In the listing below, find the line with "Damit nicht nur" and the line with "Após concluir 80%". Repeat those two lines and all lines between them exactly.

=== Data for processing ===

=-=-=-=-=

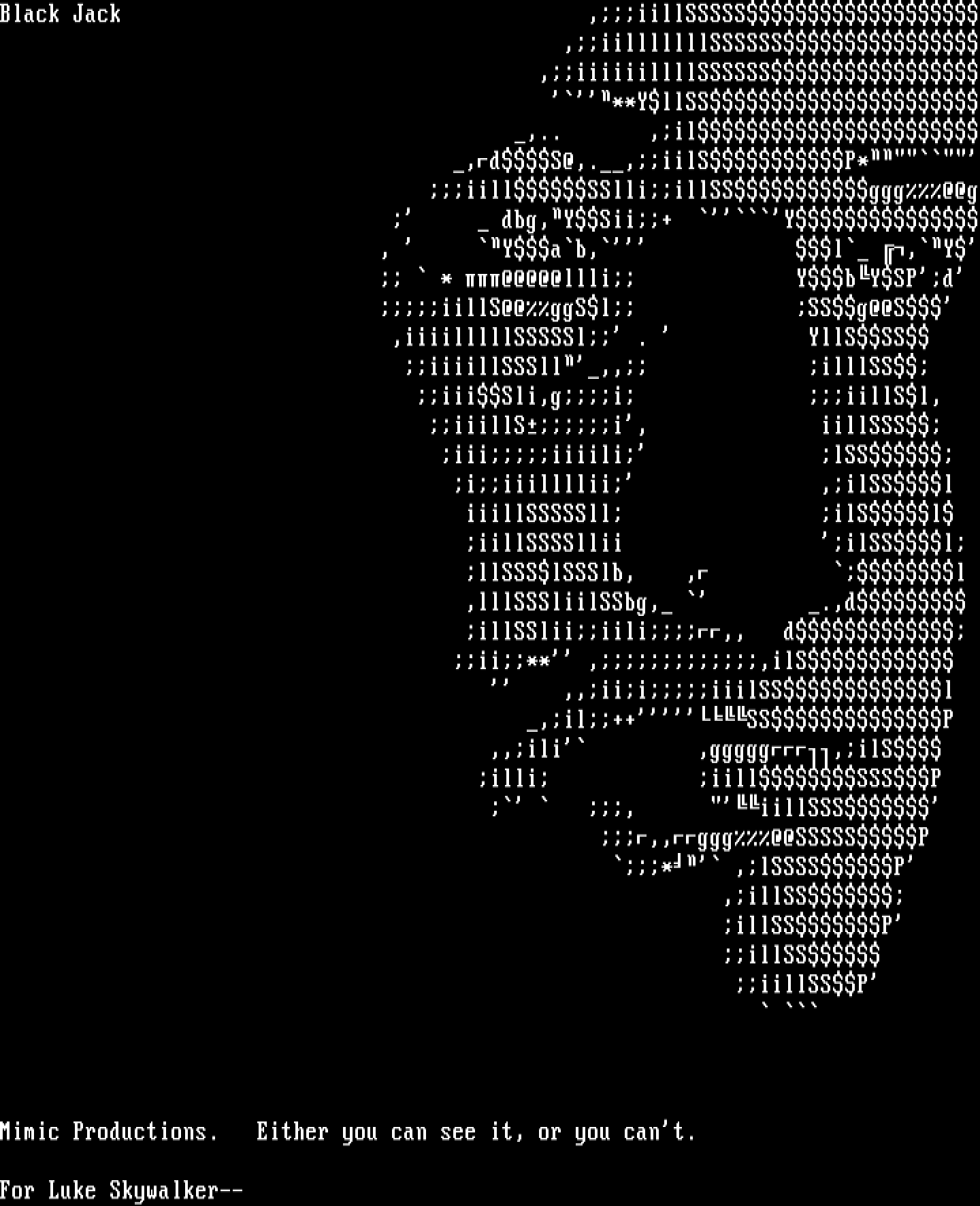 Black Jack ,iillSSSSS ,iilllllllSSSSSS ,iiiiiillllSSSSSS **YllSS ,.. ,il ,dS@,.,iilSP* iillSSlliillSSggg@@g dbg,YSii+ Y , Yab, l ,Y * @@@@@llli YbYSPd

=-=-=-=-=

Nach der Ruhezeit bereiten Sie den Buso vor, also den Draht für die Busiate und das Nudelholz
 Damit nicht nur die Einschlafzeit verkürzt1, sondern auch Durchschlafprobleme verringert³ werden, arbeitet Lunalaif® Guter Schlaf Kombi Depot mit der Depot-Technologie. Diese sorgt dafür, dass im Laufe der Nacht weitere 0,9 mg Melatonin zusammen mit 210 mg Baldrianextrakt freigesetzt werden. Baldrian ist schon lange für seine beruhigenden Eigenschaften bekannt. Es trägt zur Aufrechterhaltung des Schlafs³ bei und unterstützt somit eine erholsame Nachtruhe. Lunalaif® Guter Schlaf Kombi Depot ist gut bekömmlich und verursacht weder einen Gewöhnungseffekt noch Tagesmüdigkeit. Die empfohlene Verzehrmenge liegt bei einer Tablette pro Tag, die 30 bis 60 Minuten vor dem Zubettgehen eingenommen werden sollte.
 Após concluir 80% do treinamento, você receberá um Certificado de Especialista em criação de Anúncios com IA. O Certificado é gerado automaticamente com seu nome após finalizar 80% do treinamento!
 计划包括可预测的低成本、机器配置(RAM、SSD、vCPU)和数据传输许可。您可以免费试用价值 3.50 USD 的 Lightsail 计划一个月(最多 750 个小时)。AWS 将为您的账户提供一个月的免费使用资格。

=-=-=-=-=

=== Task answer ===
 Damit nicht nur die Einschlafzeit verkürzt1, sondern auch Durchschlafprobleme verringert³ werden, arbeitet Lunalaif® Guter Schlaf Kombi Depot mit der Depot-Technologie. Diese sorgt dafür, dass im Laufe der Nacht weitere 0,9 mg Melatonin zusammen mit 210 mg Baldrianextrakt freigesetzt werden. Baldrian ist schon lange für seine beruhigenden Eigenschaften bekannt. Es trägt zur Aufrechterhaltung des Schlafs³ bei und unterstützt somit eine erholsame Nachtruhe. Lunalaif® Guter Schlaf Kombi Depot ist gut bekömmlich und verursacht weder einen Gewöhnungseffekt noch Tagesmüdigkeit. Die empfohlene Verzehrmenge liegt bei einer Tablette pro Tag, die 30 bis 60 Minuten vor dem Zubettgehen eingenommen werden sollte.
 Após concluir 80% do treinamento, você receberá um Certificado de Especialista em criação de Anúncios com IA. O Certificado é gerado automaticamente com seu nome após finalizar 80% do treinamento!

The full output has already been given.